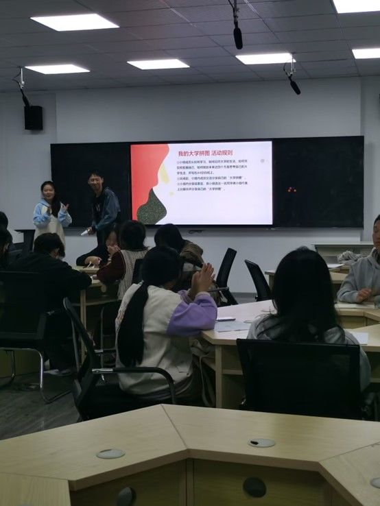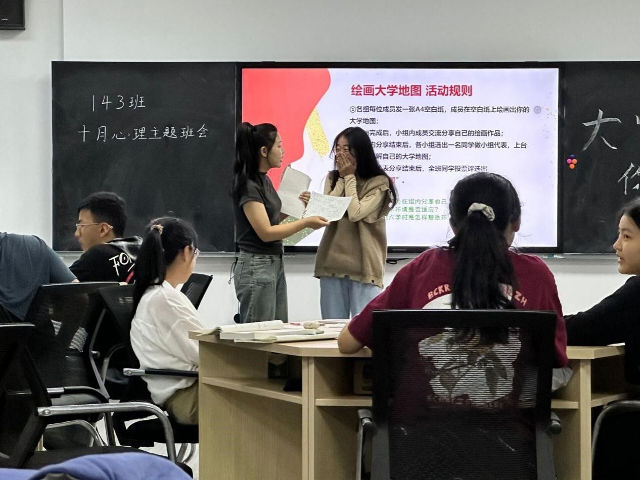 “你好,大学”心理班会以破冰游戏开场,热情洋溢的气氛中,学生们共同绘制出心中的“大学地图”。通过小组讨论与分享,他们明晰了学习目标与生活规划。接连的“烦恼树洞”活动及趣味拼图游戏等形式,引导学生从学习、生活、个人发展、未来规划四大方面深入思考,寻找自己的位置与方向。最后,心理委员们向同学们传递了恰当的大学生活应对策略,如:良好的生活习惯和恰当的人际交往方法。
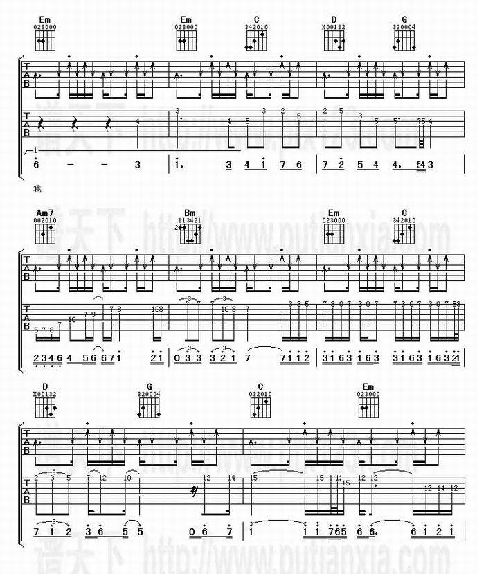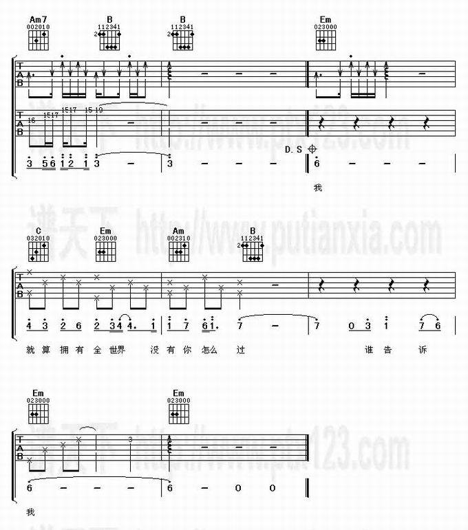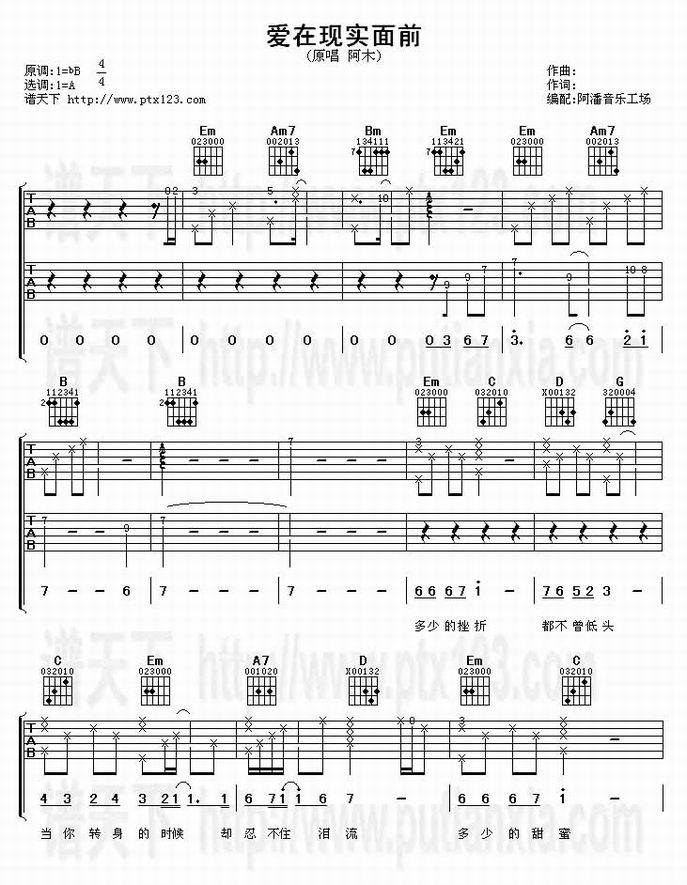 爱在现实面前-阿木(吉他谱 吉他曲谱 吉他六线谱 吉他歌谱 吉它谱 影视吉他谱)
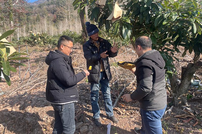 书峰乡党员干部前往田间查看枇杷生长状况
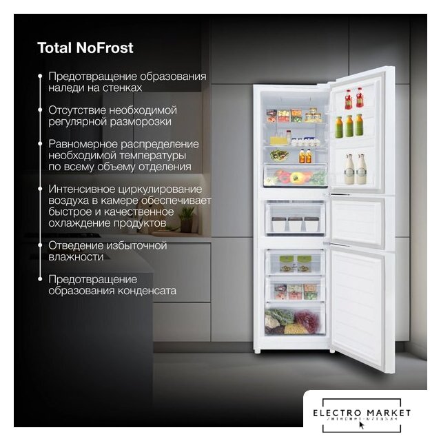 отдельностоящий, полный No Frost, сенсорное управление, класс A+, полезный объём: 335 л (240 + 95 л), перенавешиваемые двери, 59.5x63.5x195.3 см, нержавеющая сталь
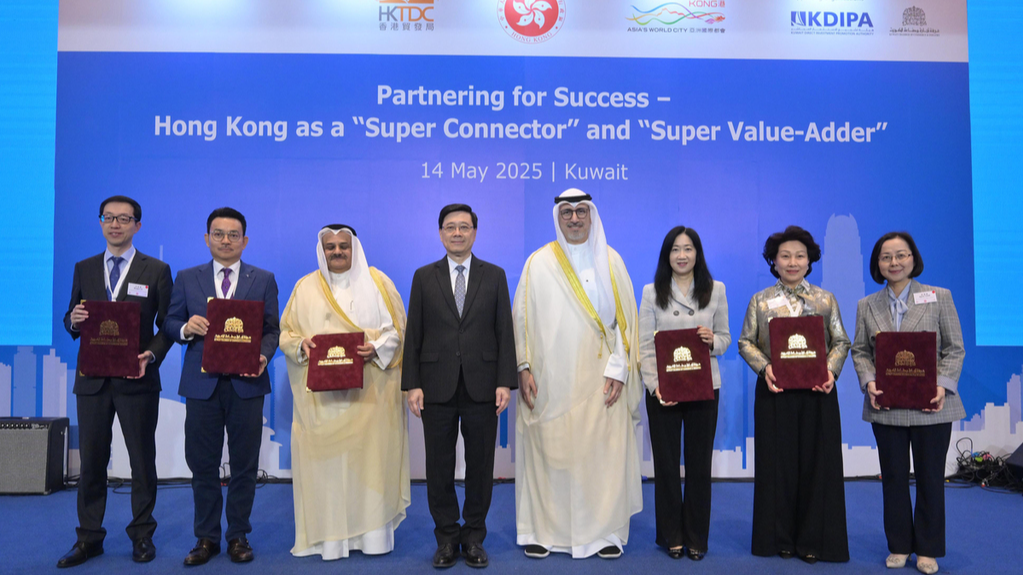 李家超和代表团在科威特出席了由香港特区政府和香港贸发局主办、科威特直接投资促进局和科威特工商协会协办的高层商务午宴,共同见证两地合作迈向新里程。连同13日签署的两份合作备忘录,两地达成合共24项合作备忘录和合作协议,涵盖贸易与经济、投资推广、金融服务、航空与海事、高等教育、法律专业、体育等领域,成果丰硕。
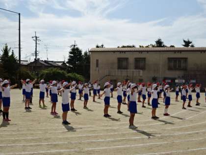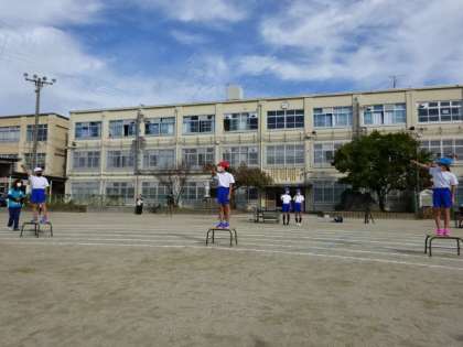 スポーツフェスティバル2日目,最初は4年生の部です。各色の代表がはじめの言葉を言い,元気に幕開けです。大玉ころがしでは,大いに盛り上がりました。
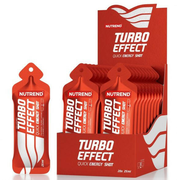 A Nutrend Turbo Effect Shot 1 karton (25mlx20db) ideális kiegészítő a magas pulzusértékű sportoknál a teljesítmény növeléséhez, gyors energiaellátáshoz. NUTREND TURBO EFFECT SHOT 25 ML Az új TURBO EFFECT SHOT gyors és minőségi energiát biztosít folyadékban formában. Gyors energiaforrású glükóz alapú formula, lassan felszívódó Palatinose TM szénhidráttal kombinálva

AIM OF THE EXERCISE: Could you copy all of the entries above exactly, without the pictures?

ANSWER TO THE EXERCISE:
 “你好,大学”心理班会以破冰游戏开场,热情洋溢的气氛中,学生们共同绘制出心中的“大学地图”。通过小组讨论与分享,他们明晰了学习目标与生活规划。接连的“烦恼树洞”活动及趣味拼图游戏等形式,引导学生从学习、生活、个人发展、未来规划四大方面深入思考,寻找自己的位置与方向。最后,心理委员们向同学们传递了恰当的大学生活应对策略,如:良好的生活习惯和恰当的人际交往方法。
 爱在现实面前-阿木(吉他谱 吉他曲谱 吉他六线谱 吉他歌谱 吉它谱 影视吉他谱)
 书峰乡党员干部前往田间查看枇杷生长状况
 отдельностоящий, полный No Frost, сенсорное управление, класс A+, полезный объём: 335 л (240 + 95 л), перенавешиваемые двери, 59.5x63.5x195.3 см, нержавеющая сталь
 李家超和代表团在科威特出席了由香港特区政府和香港贸发局主办、科威特直接投资促进局和科威特工商协会协办的高层商务午宴,共同见证两地合作迈向新里程。连同13日签署的两份合作备忘录,两地达成合共24项合作备忘录和合作协议,涵盖贸易与经济、投资推广、金融服务、航空与海事、高等教育、法律专业、体育等领域,成果丰硕。
 スポーツフェスティバル2日目,最初は4年生の部です。各色の代表がはじめの言葉を言い,元気に幕開けです。大玉ころがしでは,大いに盛り上がりました。
 A Nutrend Turbo Effect Shot 1 karton (25mlx20db) ideális kiegészítő a magas pulzusértékű sportoknál a teljesítmény növeléséhez, gyors energiaellátáshoz. NUTREND TURBO EFFECT SHOT 25 ML Az új TURBO EFFECT SHOT gyors és minőségi energiát biztosít folyadékban formában. Gyors energiaforrású glükóz alapú formula, lassan felszívódó Palatinose TM szénhidráttal kombinálva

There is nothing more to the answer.